Arriving at the Cow Palace, the vendor area seems about the same size as the vendor area at Woodworking In America, my only frame of reference for woodworking shows. The area was the same but the vendor mix was different. Lee Valley/Veritas represented the high-end of the hand tool world. No Lie-Nielsen or Scott Meeks Woodworks or Bad Axe Toolworks or Vesper Tools. Or Stumpy Nubs Woodworking!? Or Lost Arts Press.

There were more local clubs and flea market tool vendors. Oddly there were people selling kitchen and bath remodels, gutter guards, basement waterproofing and food services.

There were things I never saw at WIA like Wood Magazine and Fine Woodworking Magazine. I think I have only seen Popular Woodworking at WIA. Matt, Mike, something to think about.
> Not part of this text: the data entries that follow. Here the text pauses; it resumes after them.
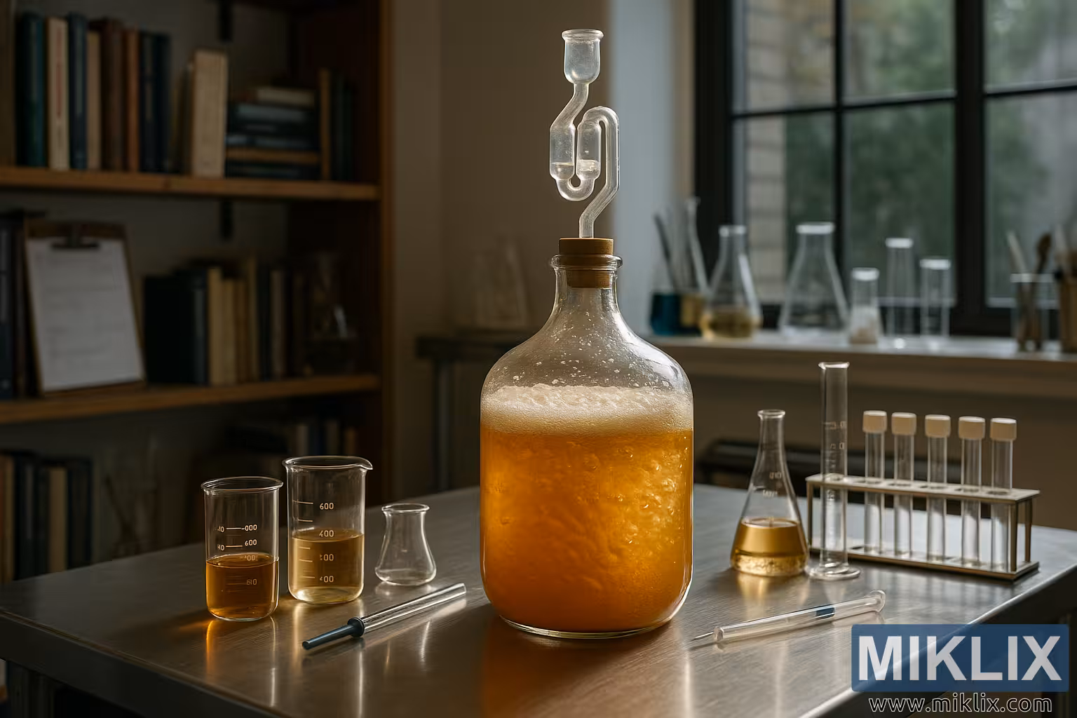 ਇੱਕ ਚੰਗੀ ਤਰ੍ਹਾਂ ਪ੍ਰਕਾਸ਼ਮਾਨ ਮਾਈਕ੍ਰੋਬਰੂਅਰੀ ਲੈਬ ਜਿਸ ਵਿੱਚ ਘੁੰਮਦੇ ਸੁਨਹਿਰੀ ਖਮੀਰ ਦਾ ਇੱਕ ਕਾਰਬੋਆ ਹੈ, ਜੋ ਕਿ ਸਟੀਕ ਵਿਗਿਆਨਕ ਯੰਤਰਾਂ ਅਤੇ ਬਰੂਇੰਗ ਲੌਗਾਂ ਨਾਲ ਘਿਰਿਆ ਹੋਇਆ ਹੈ।
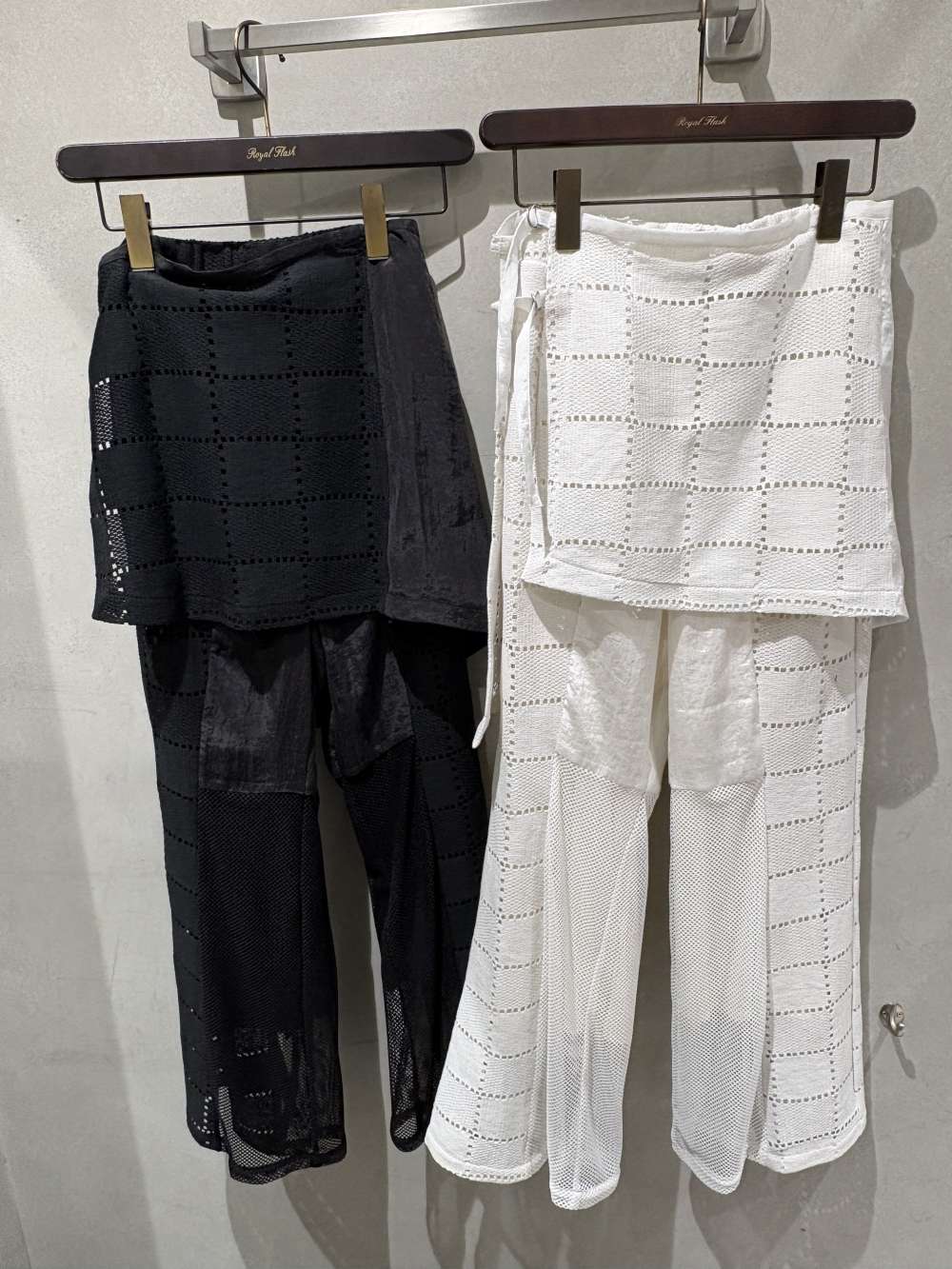透け感の異なる2種類の四角を組み合わせたようなクールな印象のレースを使用したセミフレアパンツ。トレンドライクなスタイルを作れる、取り外し可能なラップスカートのパーツもセットになっている。
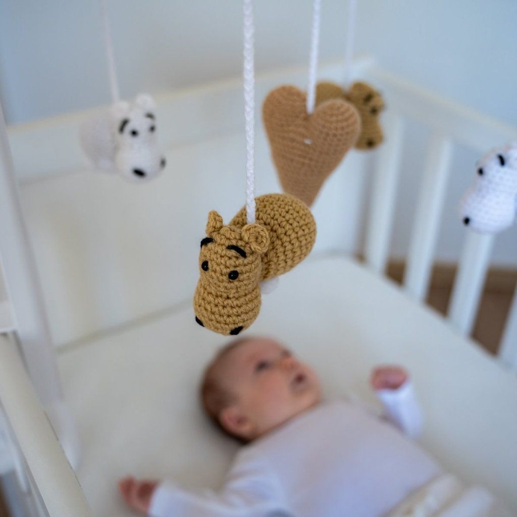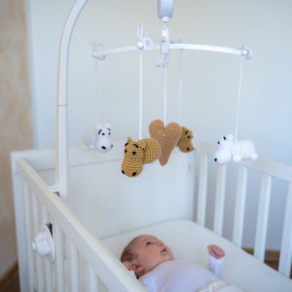 Jednoduše - stimulovat, unavit očička a pomoci s usnutím. To jsou hlavní úkoly hracího kolotoče nad postýlku, na kterém jsou zavěšení čtyři malí hnědí hrošíci. Děťátku bude kolotoč hrát příjemnou Schubertovu ukolébavku a dětská postýlka se rázem promění v oázu dokonalého odpočinku.
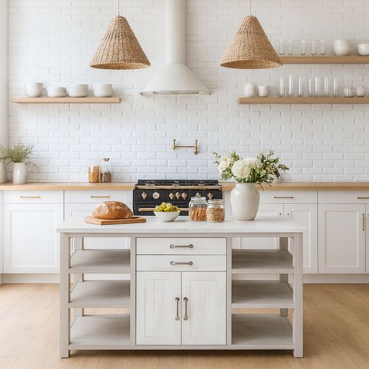 Our kitchen islands are crafted from solid oak, reclaimed wood, and painted finishes, offering durability, elegance, and timeless style.

Also there were the good people from 360 Woodworking. They were there giving instructional seminars (free) and promoting their site and memberships there of. All people giving free seminars were there educating and promoting their company. This might explain why this show was $10 and WIA is over $400.

360 Woodworking’s sessions were all about building a simple wall mounted cabinet one hour at a time. 45 minutes at a time if you back out self-promotion. Here are the boys men at work:

Chuck Bender and Glen Huey of 360 Woodworking. Chuck is the smart one and Glen is the good looking one.
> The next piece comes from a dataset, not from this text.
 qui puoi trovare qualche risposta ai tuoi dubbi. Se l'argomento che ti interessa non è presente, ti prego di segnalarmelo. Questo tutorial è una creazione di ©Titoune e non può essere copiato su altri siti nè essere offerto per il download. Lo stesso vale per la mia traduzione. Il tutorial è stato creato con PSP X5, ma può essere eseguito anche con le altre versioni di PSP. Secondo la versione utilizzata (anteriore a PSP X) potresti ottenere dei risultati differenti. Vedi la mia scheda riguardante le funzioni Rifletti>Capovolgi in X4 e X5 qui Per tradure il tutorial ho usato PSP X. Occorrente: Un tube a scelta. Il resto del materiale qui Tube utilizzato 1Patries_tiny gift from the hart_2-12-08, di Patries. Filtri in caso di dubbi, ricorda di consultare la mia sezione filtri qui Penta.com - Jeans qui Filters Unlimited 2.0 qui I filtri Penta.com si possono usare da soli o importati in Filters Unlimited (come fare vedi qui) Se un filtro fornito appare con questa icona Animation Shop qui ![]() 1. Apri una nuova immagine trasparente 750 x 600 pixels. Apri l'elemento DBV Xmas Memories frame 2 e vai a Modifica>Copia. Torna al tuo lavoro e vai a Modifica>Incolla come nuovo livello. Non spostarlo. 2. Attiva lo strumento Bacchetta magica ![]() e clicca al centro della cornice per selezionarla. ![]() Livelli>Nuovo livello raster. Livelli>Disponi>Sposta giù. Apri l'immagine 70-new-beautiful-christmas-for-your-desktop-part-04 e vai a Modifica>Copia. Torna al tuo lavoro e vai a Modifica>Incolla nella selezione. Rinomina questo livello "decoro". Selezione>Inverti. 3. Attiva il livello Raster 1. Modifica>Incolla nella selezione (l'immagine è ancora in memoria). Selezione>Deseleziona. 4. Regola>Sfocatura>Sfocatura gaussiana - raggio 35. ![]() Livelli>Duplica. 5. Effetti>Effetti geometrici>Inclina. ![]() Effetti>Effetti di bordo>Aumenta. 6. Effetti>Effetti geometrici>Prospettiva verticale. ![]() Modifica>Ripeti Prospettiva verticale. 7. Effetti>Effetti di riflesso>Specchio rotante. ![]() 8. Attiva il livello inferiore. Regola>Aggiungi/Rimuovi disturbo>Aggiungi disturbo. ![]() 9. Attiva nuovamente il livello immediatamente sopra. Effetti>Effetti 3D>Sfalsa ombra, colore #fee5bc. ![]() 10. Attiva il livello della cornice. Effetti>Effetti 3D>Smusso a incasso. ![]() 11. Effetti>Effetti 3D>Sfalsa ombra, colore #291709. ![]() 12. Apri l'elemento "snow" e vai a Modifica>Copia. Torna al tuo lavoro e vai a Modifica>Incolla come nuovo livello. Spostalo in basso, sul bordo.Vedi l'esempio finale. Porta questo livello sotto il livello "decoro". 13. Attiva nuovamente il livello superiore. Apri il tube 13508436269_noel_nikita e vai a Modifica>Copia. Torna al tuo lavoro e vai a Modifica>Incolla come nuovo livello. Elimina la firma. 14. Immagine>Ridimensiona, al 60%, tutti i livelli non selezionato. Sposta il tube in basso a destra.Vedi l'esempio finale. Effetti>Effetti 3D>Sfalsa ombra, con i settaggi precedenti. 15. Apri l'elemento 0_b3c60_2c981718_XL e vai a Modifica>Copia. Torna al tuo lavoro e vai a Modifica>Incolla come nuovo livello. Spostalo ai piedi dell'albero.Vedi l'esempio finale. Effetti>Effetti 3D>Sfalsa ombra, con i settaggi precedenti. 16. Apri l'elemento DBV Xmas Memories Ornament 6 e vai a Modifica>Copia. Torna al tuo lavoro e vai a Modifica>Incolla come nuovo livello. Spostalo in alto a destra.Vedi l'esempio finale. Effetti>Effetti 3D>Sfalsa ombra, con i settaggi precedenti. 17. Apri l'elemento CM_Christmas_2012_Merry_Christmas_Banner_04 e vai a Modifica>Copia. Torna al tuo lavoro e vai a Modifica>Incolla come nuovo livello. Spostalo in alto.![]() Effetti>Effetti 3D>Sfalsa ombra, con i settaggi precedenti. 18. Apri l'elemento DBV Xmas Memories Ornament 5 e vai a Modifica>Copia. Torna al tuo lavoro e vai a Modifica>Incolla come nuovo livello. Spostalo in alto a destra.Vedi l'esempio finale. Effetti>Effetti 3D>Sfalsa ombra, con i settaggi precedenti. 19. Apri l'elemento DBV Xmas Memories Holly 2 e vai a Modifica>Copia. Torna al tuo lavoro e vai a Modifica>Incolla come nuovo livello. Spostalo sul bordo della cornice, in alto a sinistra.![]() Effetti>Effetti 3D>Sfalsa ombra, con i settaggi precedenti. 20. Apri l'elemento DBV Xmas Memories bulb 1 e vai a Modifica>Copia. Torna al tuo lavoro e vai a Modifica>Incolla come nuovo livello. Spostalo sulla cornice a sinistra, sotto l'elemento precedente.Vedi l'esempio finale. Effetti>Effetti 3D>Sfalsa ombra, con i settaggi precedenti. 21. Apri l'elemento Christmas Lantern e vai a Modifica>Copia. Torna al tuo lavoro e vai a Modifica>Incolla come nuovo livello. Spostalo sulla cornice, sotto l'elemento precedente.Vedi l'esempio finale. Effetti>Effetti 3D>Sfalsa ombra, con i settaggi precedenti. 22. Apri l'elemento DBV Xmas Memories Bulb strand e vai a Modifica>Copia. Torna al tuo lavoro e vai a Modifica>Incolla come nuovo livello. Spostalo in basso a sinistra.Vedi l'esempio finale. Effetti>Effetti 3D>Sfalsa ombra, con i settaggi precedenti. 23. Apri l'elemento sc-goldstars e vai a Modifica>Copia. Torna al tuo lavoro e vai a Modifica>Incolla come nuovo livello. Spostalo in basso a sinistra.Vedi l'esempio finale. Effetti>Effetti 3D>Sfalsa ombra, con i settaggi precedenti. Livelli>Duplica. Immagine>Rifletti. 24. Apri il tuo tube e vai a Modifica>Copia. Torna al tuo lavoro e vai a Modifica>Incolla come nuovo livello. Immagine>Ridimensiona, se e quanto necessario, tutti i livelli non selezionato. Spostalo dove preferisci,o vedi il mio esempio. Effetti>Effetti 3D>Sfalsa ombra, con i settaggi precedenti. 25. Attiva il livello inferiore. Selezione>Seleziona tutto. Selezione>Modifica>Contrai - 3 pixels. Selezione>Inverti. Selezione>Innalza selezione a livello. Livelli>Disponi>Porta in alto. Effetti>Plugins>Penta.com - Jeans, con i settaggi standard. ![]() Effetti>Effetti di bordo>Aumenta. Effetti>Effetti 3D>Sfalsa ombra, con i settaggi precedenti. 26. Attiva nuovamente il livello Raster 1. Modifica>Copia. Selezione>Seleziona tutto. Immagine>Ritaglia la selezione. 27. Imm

Chuck Bender and Glen Huey of 360 Woodworking. Chuck is the smart one. Glen is the good looking one. I think.

They have some unique approaches to common woodworking tasks. Here is Chuck with an improvised router table:

A board screwed to a Porter Cable 690 clamped in a vise. I don't know if he is using a fixed or plunge base.
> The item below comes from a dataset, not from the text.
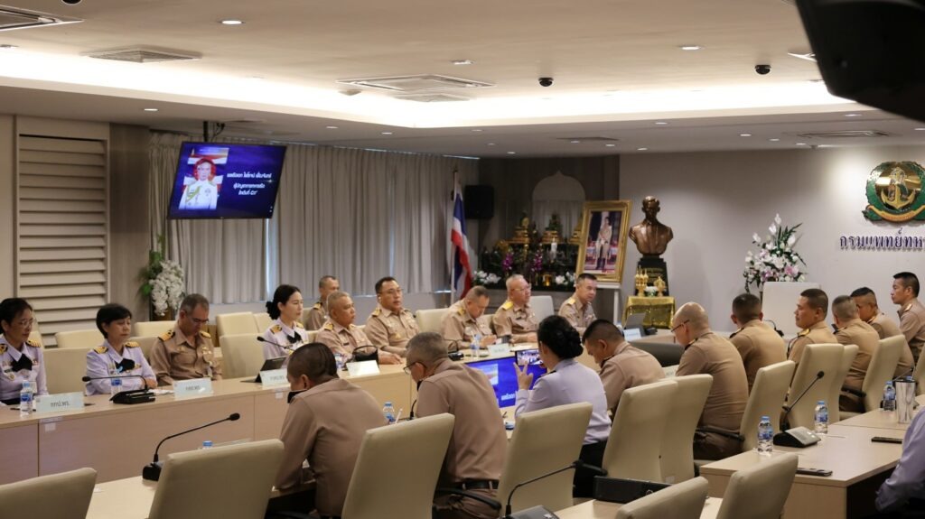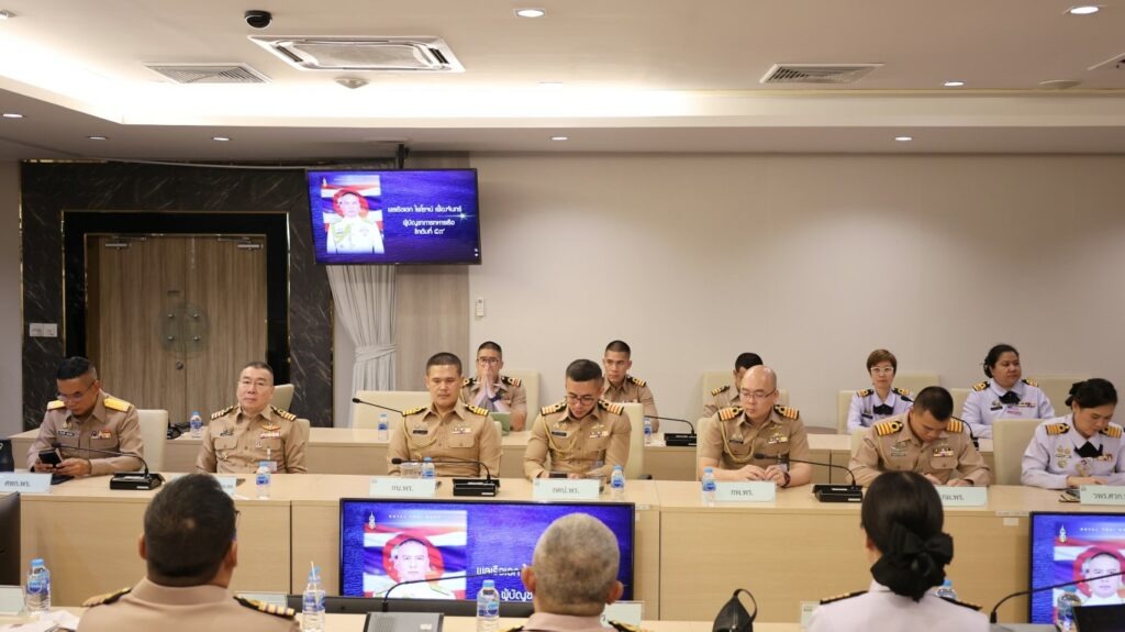 พลเรือตรี เรวัตร กิจณรงค์ รองเจ้ากรมแพทย์ทหารเรือ รับฟังการประชุมและมอบนโยบายของผู้บัญชาการทหารเรือ ประจำปีงบประมาณ ๒๕๖๙ รูปแบบ Online ผ่านระบบ Cisco Webex โดยมี ผู้บังคับบัญชา หัวหน้าหน่วยขึ้นตรงและข้าราชการกรมแพทย์ทหารเรือ ร่วมรับฟังฯ ณ ห้องประชุมกรมแพทย์ทหารเรือ ๓ อาคารกองบังคับการกรมแพทย์ทหารเรือ เมื่อวันที่ ๓ ตุลาคม พ.ศ.๒๕๖๘

A board screwed to a Porter Cable 690 router clamped in a vise. I don’t know if he is using a fixed or plunge base.

The image is a bit fuzzy due to me using the digital zoom on my iPhone. I didn’t want to get too close.

The 690 has two flat spot on the shell that house the motor’s brushes. This is how he clamps it in the vise.

The 690. I really want a Festool 1400 but my 690 won't die.

The PC 690. I really want a Festool 1400 but my 690 just won’t die.

Only vaguely troubling artifact of The Show was Miss Makita, an attractive woman in a midriff revealing shirt. There is also a Señorita Makita who must have been revealing her midriff elsewhere. Collectively, they are referred to as the Makita Girls.

How retro…

I was curious to see who responds to this type of display, so I stood there for a few hours to observe. Not true. With my ADD, anything over 5 minutes would be impossible to believe. The few times I did walk by, the only people I saw leering were two male vendors from an adjacent booth. Either we have evolved beyond it or we are better at leering covertly.

If The Woodworking Show comes to a Cow Palace near you, you should go. I you have $400 and some free time in September, go to Woodworking In America. All the cool geezers do.